# [WHAT YOU SHOULD DO]
With every picture left out, restate the listing below exactly as written.

[RECORDS FOR THIS TASK — start]

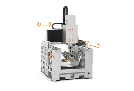 FMC-600V 五軸加工中心整體采用龍門式結(jié)構(gòu),雙立柱高架結(jié)構(gòu),Y軸采用雙驅(qū)結(jié)構(gòu),并配置AC軸搖籃式回轉(zhuǎn)工作臺(tái),可一次裝夾完成銑、鉆、擴(kuò)、鏜、攻、锪等多工序的高精、高效加工。
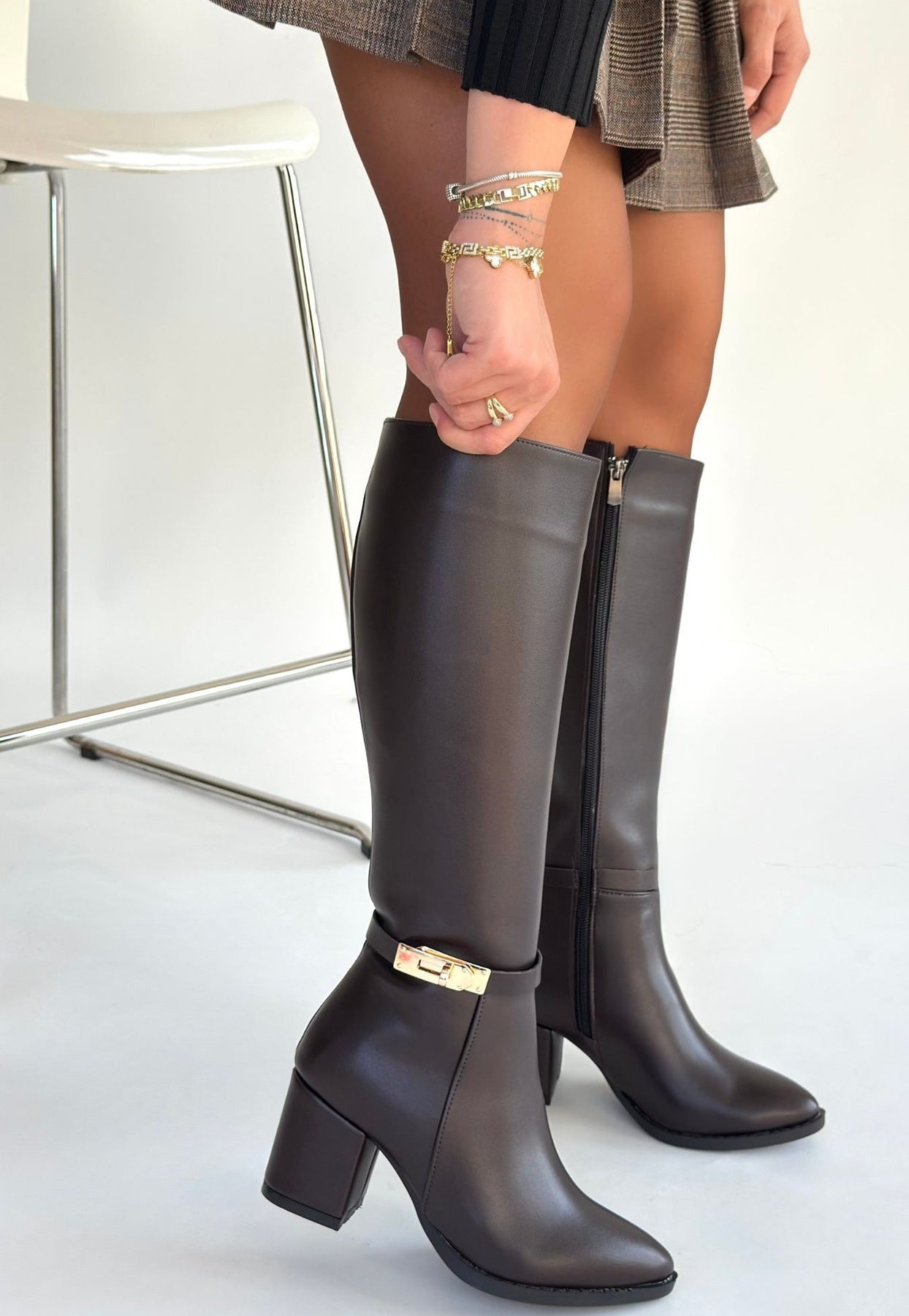 Jeoli Kadın Kahverengi Tokalı Diz Altı Topuklu Çizme
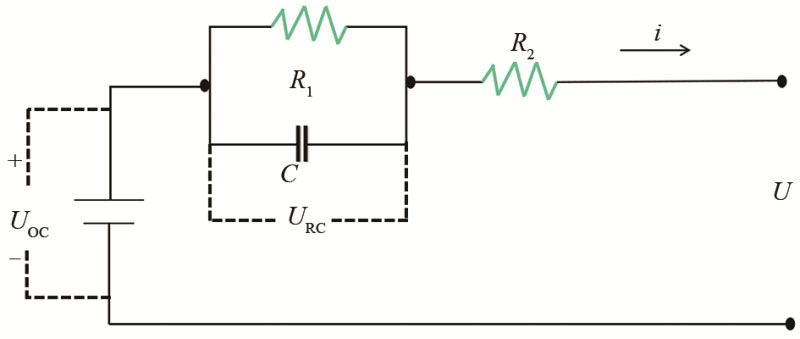 構(gòu)建能夠準確描述電池在充放電過程中內(nèi)部變化情況以及預(yù)測外部特性的系統(tǒng)模型可以加快鋅鎳單液流電池的工程化應(yīng)用進度。目前來講,從精度(越高越好)和計算量(越小越好)來講,等效電路二階模型用于鋅鎳單液流電池是較合適的:用電路元件來表示電池內(nèi)部的化學(xué)反應(yīng)過程,用并聯(lián)電容和電阻表示電池的極化,用串聯(lián)電阻表述歐姆內(nèi)阻,各個參數(shù)之間通過電路方程式聯(lián)系。圖12展示了單液流鋅鎳電池的等效電路模型示意圖。
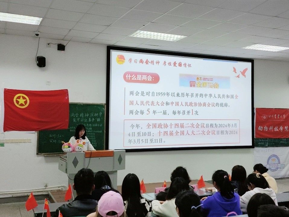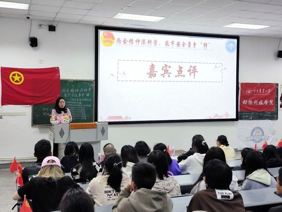 为组织动员团员和青年认真学习贯彻习近平总书记全国两会系列重要讲话精神,加强学校安全宣传教育工作,深化寒假社会实践成效。tyc522cc太阳成集团主页团委直属部门流动团支部、动物科学202201团支部、动物科学202203团支部、动物科学202204团支部、动物科学202205团支部、动物科学202305团支部、水产养殖学202302团支部于3月22日在4-A108联合开展了“两会精神深耕学,筑牢安全勇争‘锋’”三月示范性班团活动。
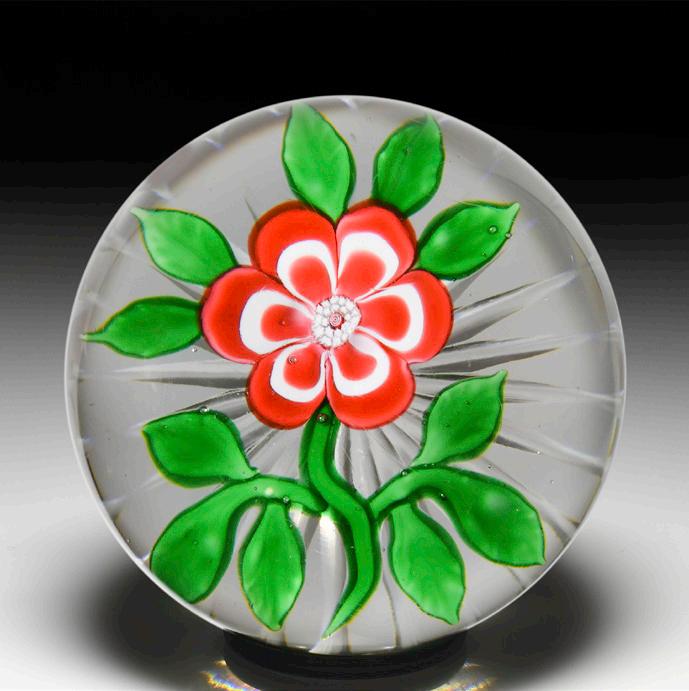 33 Antique Baccarat red and white primrose paperweight. A primrose flower has six red petals, each striped with arching white lines, radiating from a central white stardust and red bull’s-eye cane. It is crowned by five green leaves and grows from a curving stem, flanked by trios of leaves. Star-cut clear ground.
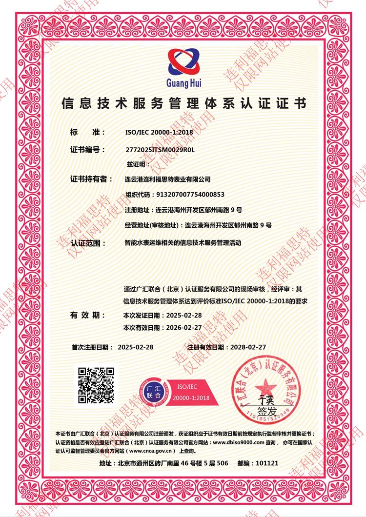 信息技術(shù)服務(wù)管理體系認證證書
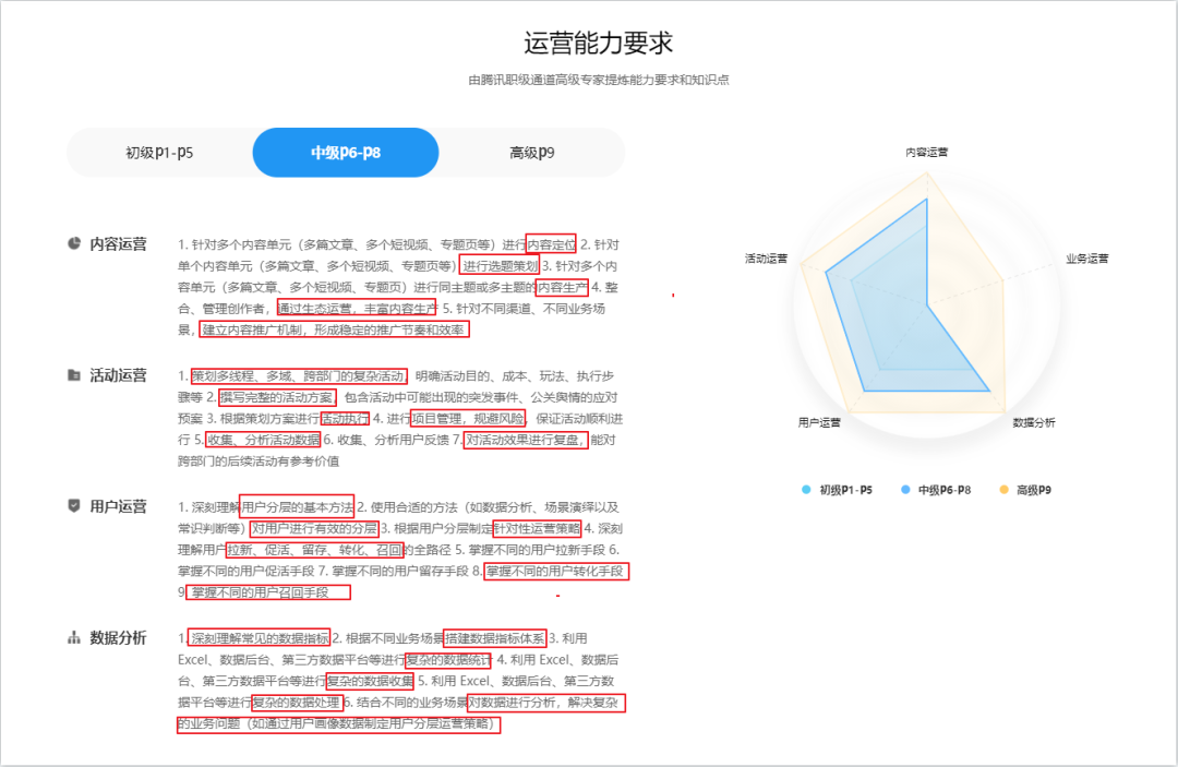 其实,我们参照大厂运营人能力标准,下图是腾讯P6-P8级运营人能力标准:
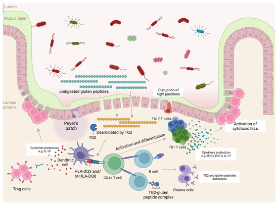 Gliadin peptides can then translocate, either via the paracellular or transcellular route [17], to the intestinal lamina propria, the layer of loose connective tissue located under the epithelial layer, and are deamidated by tissue transglutaminase 2 (TG2), an enzyme that converts glutamine amino acids to glutamate (or glutamic acid) residues [18]. Deamination by TG2 improves the binding affinity of gliadin peptides to the HLA-DQ2 and/or DQ8 heterodimers in antigen-presenting cells (APCs), such as dendritic cells [19]. The HLA-gliadin peptides complex is then presented to CD4+ T helper cells that recognize it via their cell surface T cell receptors (TCRs) [20,21]. Once activated, these cells can differentiate into Th1/Th17 subsets and release pro-inflammatory cytokines, such as interferon-gamma (IFN-γ), tumor necrosis factor-alpha (TNF-α) and interleukin-17 (IL-17), causing an adaptive immune response that leads to mucosal damage characterized by villous atrophy, crypt hyperplasia and infiltration of intraepithelial lymphocytes (IELs) [22]. T-cells response can also activate and promote the differentiation of B cells into plasma cells that secrete antibodies against deamidated gliadin peptides and the self-antigen TG2 [23], both hallmarks of celiac disease that are used to diagnose it.
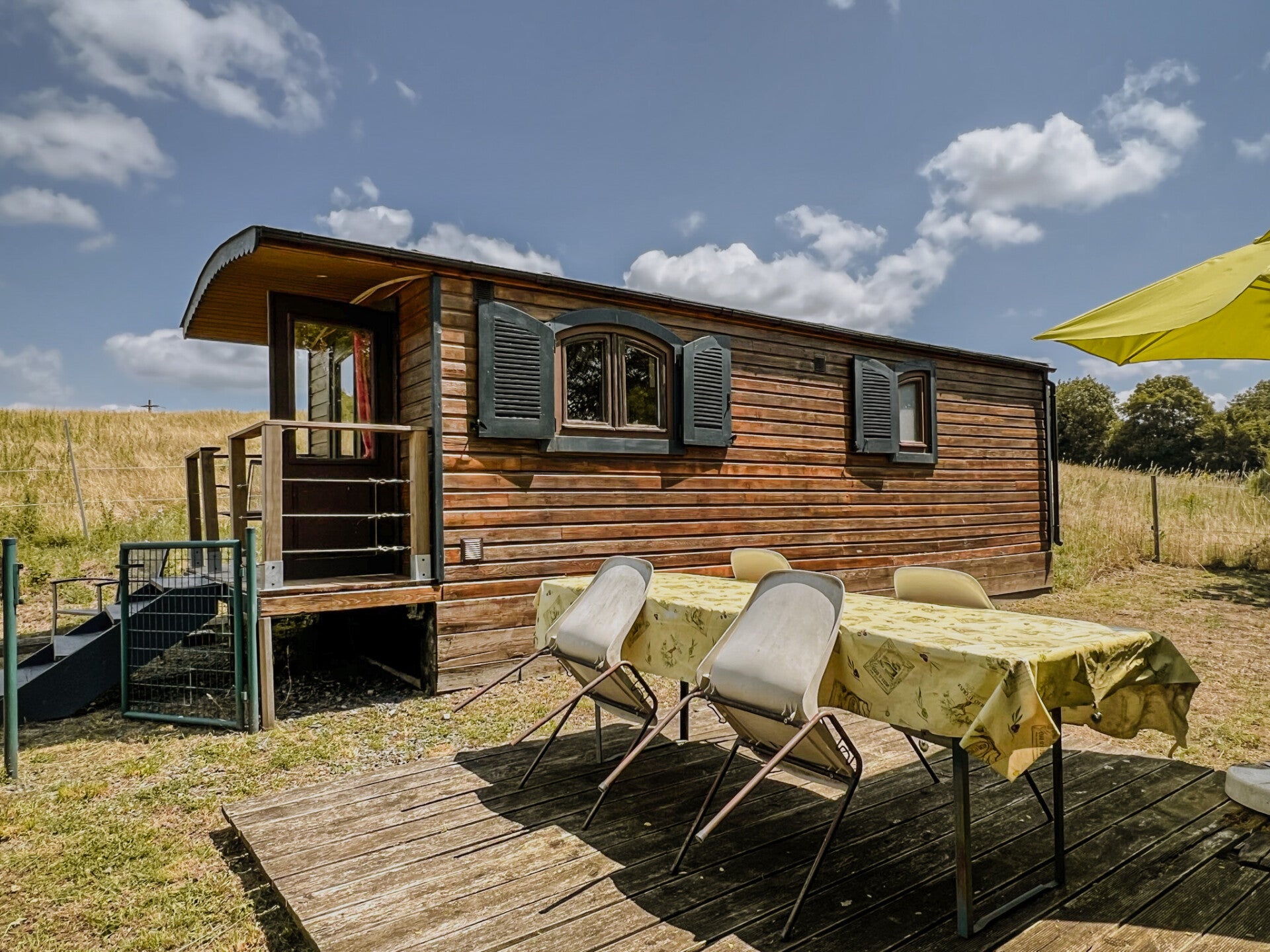 Holzwohnwagen mit Schlafraum, kleiner Küchenzeile, Dusche/WC und Terrasse. Eigene Abwasseranlage vorhanden; Zustand leicht renovationsbedürftig.
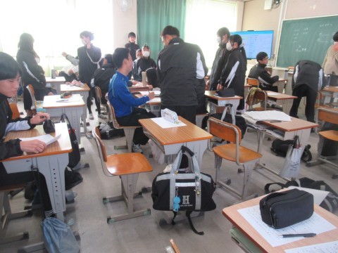 第二回学力診断テストが返却されました。体育の授業は勉強のストレスを発散するために?!普段以上に声をかけて、男子はハンドボール・女子はバスケットボールに取り組んでいます。さて、進路懇談は再来週ですが、それ以外にも担任の先生・進路指導の先生(もちろん私でも!!)に、志望校や進路の相談は気兼ねなくしてくださいね。
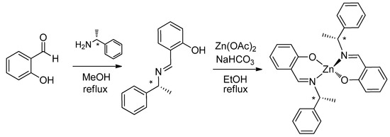 The known 2-(R)-(+)-1-phenylethyliminomethyl]phenol was prepared as previously reported by reaction of (R)-1-phenylethylamine with salicylaldehyde in refluxing methanol, as shown in Scheme 1 [84]. Deprotonation with NaHCO3 and reaction with zinc(acetate)2 in refluxing ethanol afforded the related bis{2-[(R)-(+)-1-phenylethyliminomethyl]phenolato-N,O}zinc(II) complex [78,80].
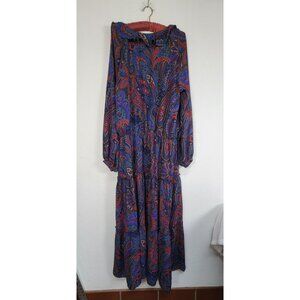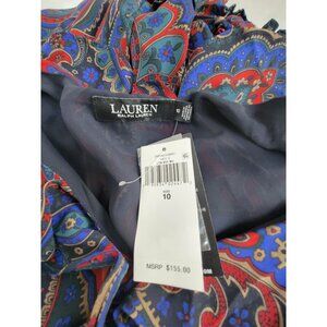 Lauren Ralph Lauren Paisley Georgette Long Sleeve Dress Size 10 Navy New $155
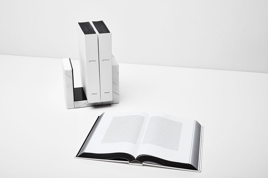 274207281-1 is published by Perish Publishing, Toronto in 2017. It is printed in a limited edition of ten, two artist’s copies and one display copy. This book is designed by Alex Durlak of Perish Publishing and Brian Richer of Castor Design. Each edition is held by a honed Carrara marble bookend with a black reflective face.
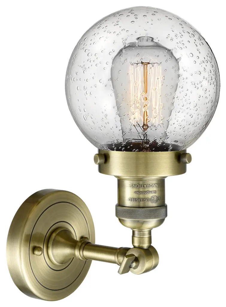 1-Light Beacon 6" Sconce, Antique Brass, Glass: Seedy
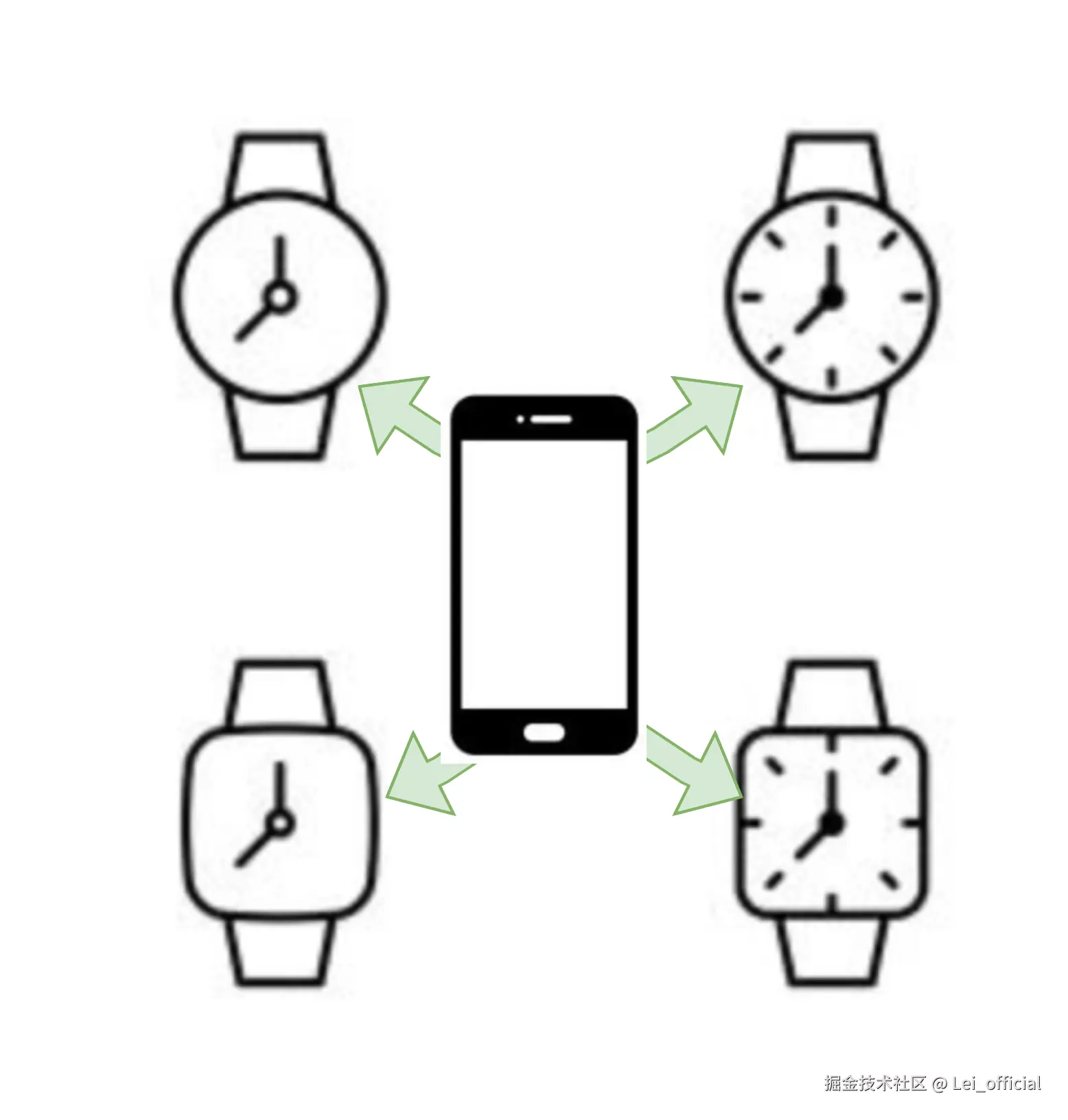 - 手表存在更新换代(例如一代表、二代表、三代表),不同代手表之间特性有差异:形态(圆/方)、分辨率、功能集、数据协议等。
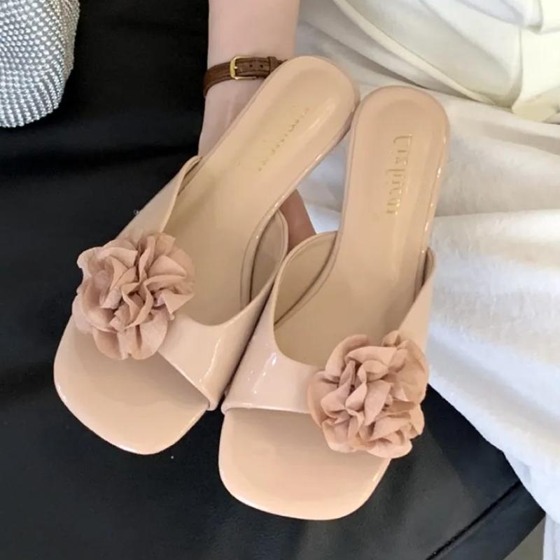 Summer Flower Design Flat Slippers Sandals Women Summer Sexy Open Toe Slide Sandal Elegant Open Heel Dress Pumps Sandalias Mujer
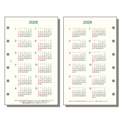目にやさしいクリーム色が特長です ・1ページ1年、2029年までの4年カレンダーです。 ・汚れ、破損を防ぐために1枚ずつ袋入 ・2026年~2027年1枚、2028年~2029年1枚 期間:2026年~2029年【検索ハッシュタグ】#日付品#26日付#レイメイ藤井#リフィル#日付リフィル
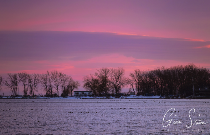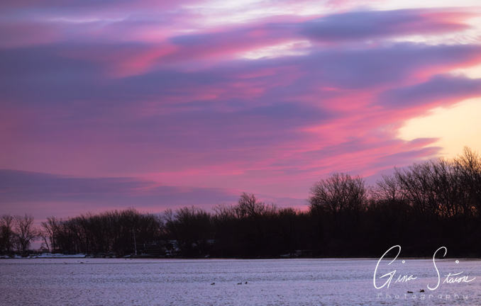 The sky turns into beautiful shades of pink and purple during sunset above the lake in Toronto, Ontario, Canada.

[RECORDS FOR THIS TASK — finish]

# [WORKED SOLUTION]
 FMC-600V 五軸加工中心整體采用龍門式結(jié)構(gòu),雙立柱高架結(jié)構(gòu),Y軸采用雙驅(qū)結(jié)構(gòu),并配置AC軸搖籃式回轉(zhuǎn)工作臺(tái),可一次裝夾完成銑、鉆、擴(kuò)、鏜、攻、锪等多工序的高精、高效加工。
 Jeoli Kadın Kahverengi Tokalı Diz Altı Topuklu Çizme
 構(gòu)建能夠準確描述電池在充放電過程中內(nèi)部變化情況以及預(yù)測外部特性的系統(tǒng)模型可以加快鋅鎳單液流電池的工程化應(yīng)用進度。目前來講,從精度(越高越好)和計算量(越小越好)來講,等效電路二階模型用于鋅鎳單液流電池是較合適的:用電路元件來表示電池內(nèi)部的化學(xué)反應(yīng)過程,用并聯(lián)電容和電阻表示電池的極化,用串聯(lián)電阻表述歐姆內(nèi)阻,各個參數(shù)之間通過電路方程式聯(lián)系。圖12展示了單液流鋅鎳電池的等效電路模型示意圖。
 为组织动员团员和青年认真学习贯彻习近平总书记全国两会系列重要讲话精神,加强学校安全宣传教育工作,深化寒假社会实践成效。tyc522cc太阳成集团主页团委直属部门流动团支部、动物科学202201团支部、动物科学202203团支部、动物科学202204团支部、动物科学202205团支部、动物科学202305团支部、水产养殖学202302团支部于3月22日在4-A108联合开展了“两会精神深耕学,筑牢安全勇争‘锋’”三月示范性班团活动。
 33 Antique Baccarat red and white primrose paperweight. A primrose flower has six red petals, each striped with arching white lines, radiating from a central white stardust and red bull’s-eye cane. It is crowned by five green leaves and grows from a curving stem, flanked by trios of leaves. Star-cut clear ground.
 信息技術(shù)服務(wù)管理體系認證證書
 其实,我们参照大厂运营人能力标准,下图是腾讯P6-P8级运营人能力标准:
 Gliadin peptides can then translocate, either via the paracellular or transcellular route [17], to the intestinal lamina propria, the layer of loose connective tissue located under the epithelial layer, and are deamidated by tissue transglutaminase 2 (TG2), an enzyme that converts glutamine amino acids to glutamate (or glutamic acid) residues [18]. Deamination by TG2 improves the binding affinity of gliadin peptides to the HLA-DQ2 and/or DQ8 heterodimers in antigen-presenting cells (APCs), such as dendritic cells [19]. The HLA-gliadin peptides complex is then presented to CD4+ T helper cells that recognize it via their cell surface T cell receptors (TCRs) [20,21]. Once activated, these cells can differentiate into Th1/Th17 subsets and release pro-inflammatory cytokines, such as interferon-gamma (IFN-γ), tumor necrosis factor-alpha (TNF-α) and interleukin-17 (IL-17), causing an adaptive immune response that leads to mucosal damage characterized by villous atrophy, crypt hyperplasia and infiltration of intraepithelial lymphocytes (IELs) [22]. T-cells response can also activate and promote the differentiation of B cells into plasma cells that secrete antibodies against deamidated gliadin peptides and the self-antigen TG2 [23], both hallmarks of celiac disease that are used to diagnose it.
 Holzwohnwagen mit Schlafraum, kleiner Küchenzeile, Dusche/WC und Terrasse. Eigene Abwasseranlage vorhanden; Zustand leicht renovationsbedürftig.
 第二回学力診断テストが返却されました。体育の授業は勉強のストレスを発散するために?!普段以上に声をかけて、男子はハンドボール・女子はバスケットボールに取り組んでいます。さて、進路懇談は再来週ですが、それ以外にも担任の先生・進路指導の先生(もちろん私でも!!)に、志望校や進路の相談は気兼ねなくしてくださいね。
 The known 2-(R)-(+)-1-phenylethyliminomethyl]phenol was prepared as previously reported by reaction of (R)-1-phenylethylamine with salicylaldehyde in refluxing methanol, as shown in Scheme 1 [84]. Deprotonation with NaHCO3 and reaction with zinc(acetate)2 in refluxing ethanol afforded the related bis{2-[(R)-(+)-1-phenylethyliminomethyl]phenolato-N,O}zinc(II) complex [78,80].
 Lauren Ralph Lauren Paisley Georgette Long Sleeve Dress Size 10 Navy New $155
 274207281-1 is published by Perish Publishing, Toronto in 2017. It is printed in a limited edition of ten, two artist’s copies and one display copy. This book is designed by Alex Durlak of Perish Publishing and Brian Richer of Castor Design. Each edition is held by a honed Carrara marble bookend with a black reflective face.
 1-Light Beacon 6" Sconce, Antique Brass, Glass: Seedy
 - 手表存在更新换代(例如一代表、二代表、三代表),不同代手表之间特性有差异:形态(圆/方)、分辨率、功能集、数据协议等。
 Summer Flower Design Flat Slippers Sandals Women Summer Sexy Open Toe Slide Sandal Elegant Open Heel Dress Pumps Sandalias Mujer
目にやさしいクリーム色が特長です ・1ページ1年、2029年までの4年カレンダーです。 ・汚れ、破損を防ぐために1枚ずつ袋入 ・2026年~2027年1枚、2028年~2029年1枚 期間:2026年~2029年【検索ハッシュタグ】#日付品#26日付#レイメイ藤井#リフィル#日付リフィル
 The sky turns into beautiful shades of pink and purple during sunset above the lake in Toronto, Ontario, Canada.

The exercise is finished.